With such high overlap, a table is necessary to determine which sampling method best reflects the distribution of the population:

In [67]:
# Create Dataframe
Samp.Type <- c("Simple Random", "Systematic", "Stratified")
output <- data.frame(Samp.Type, Mean, Std.Dev)
output["Mean.Var"] <- abs(output["Mean"] - mean(cms[, "MORT.30.AMI.Performance.Rate"], 
    na.rm = T))
output["Std.Dev.Var"] <- abs(output["Std.Dev"] - sd(cms[, "MORT.30.AMI.Performance.Rate"], 
    na.rm = T))
output[, c("Samp.Type", "Mean", "Mean.Var", "Std.Dev", "Std.Dev.Var")]

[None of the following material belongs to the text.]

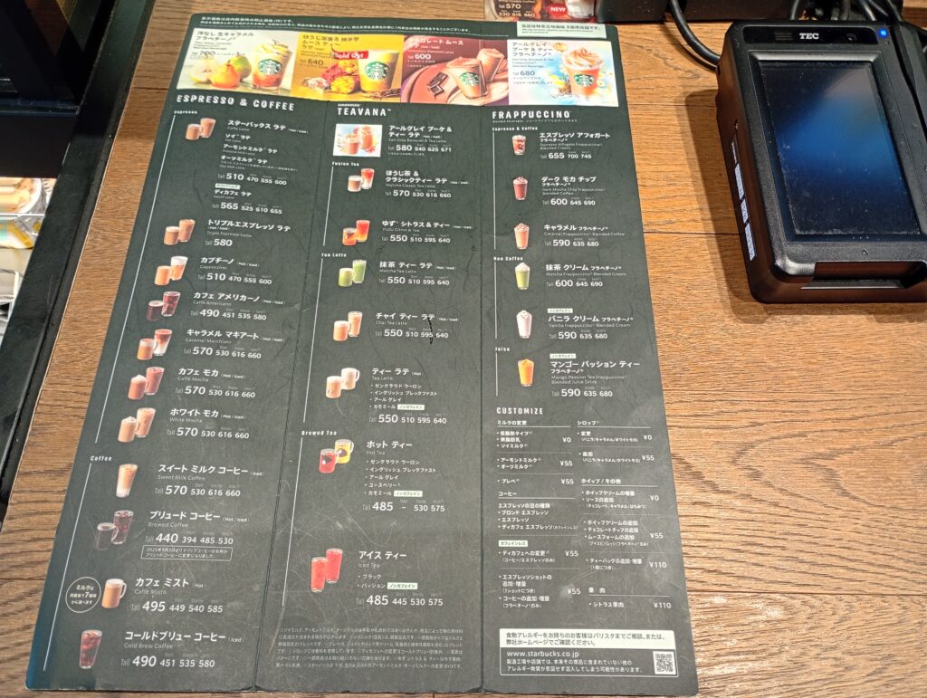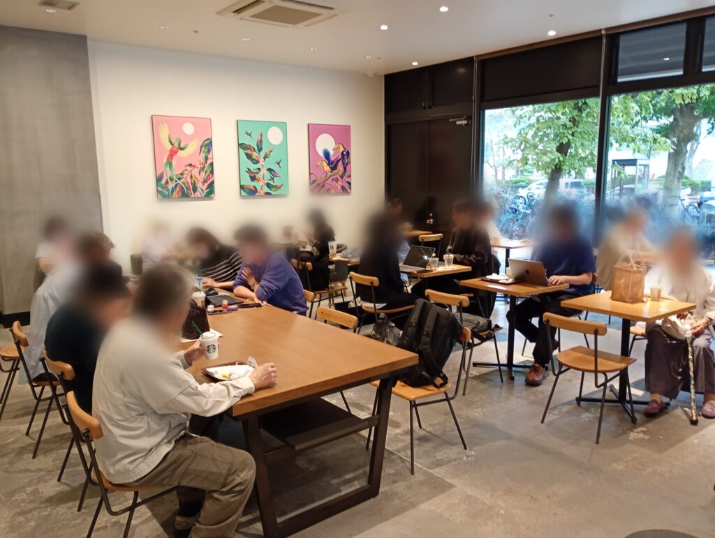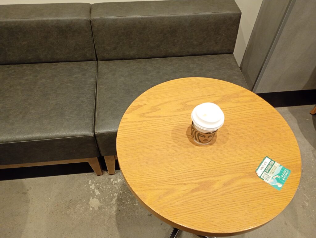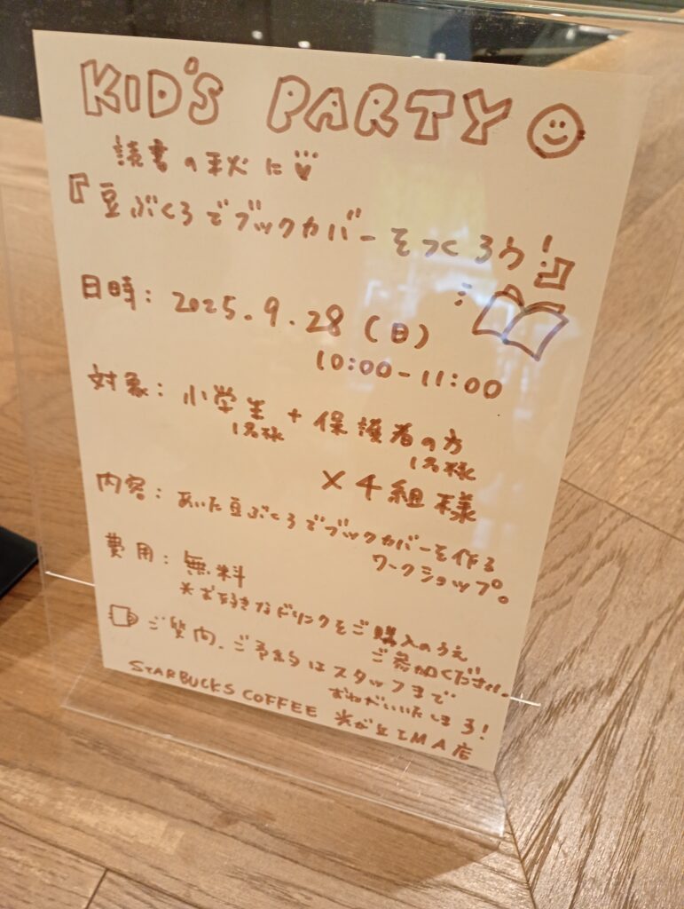 スターバックスは各店舗が独自に様々なイベントを企画・開催しているケースが多く、カウンターに「豆ぶくろでブックカバーを作ろう」というワークショップの案内がありました。コーヒー豆の袋という身近なものをリサイクルする環境への配慮と、本や読書という地域の文化を結びつける素敵なイベントですね。

Samp.Type,Mean,Mean.Var,Std.Dev,Std.Dev.Var
Simple Random,0.8645573,0.0008084721,0.010663712,0.000158112
Systematic,0.8659771,0.0006113556,0.011084306,0.0005787058
Stratified,0.8652112,0.0001545761,0.009537537,0.0009680638


The table reinforces the conclusion from viewing the histogram that the Stratified sampling method resulted in the lowest standard deviation of the three. Looking at the absolute value of the difference between each method and the population, we see that the mean Performance Rate from the Stratified sample is the closest to the mean Performance Rate for the population, with only ~2 basis points of difference. However, the Stratified sample is least likely to reflect the spread of the population, with a standard deviation ~10 basis points different. Instead, the spread is best reflected in the Simple Random sample, with ~2 basis points difference between its standard deviation and that of the population.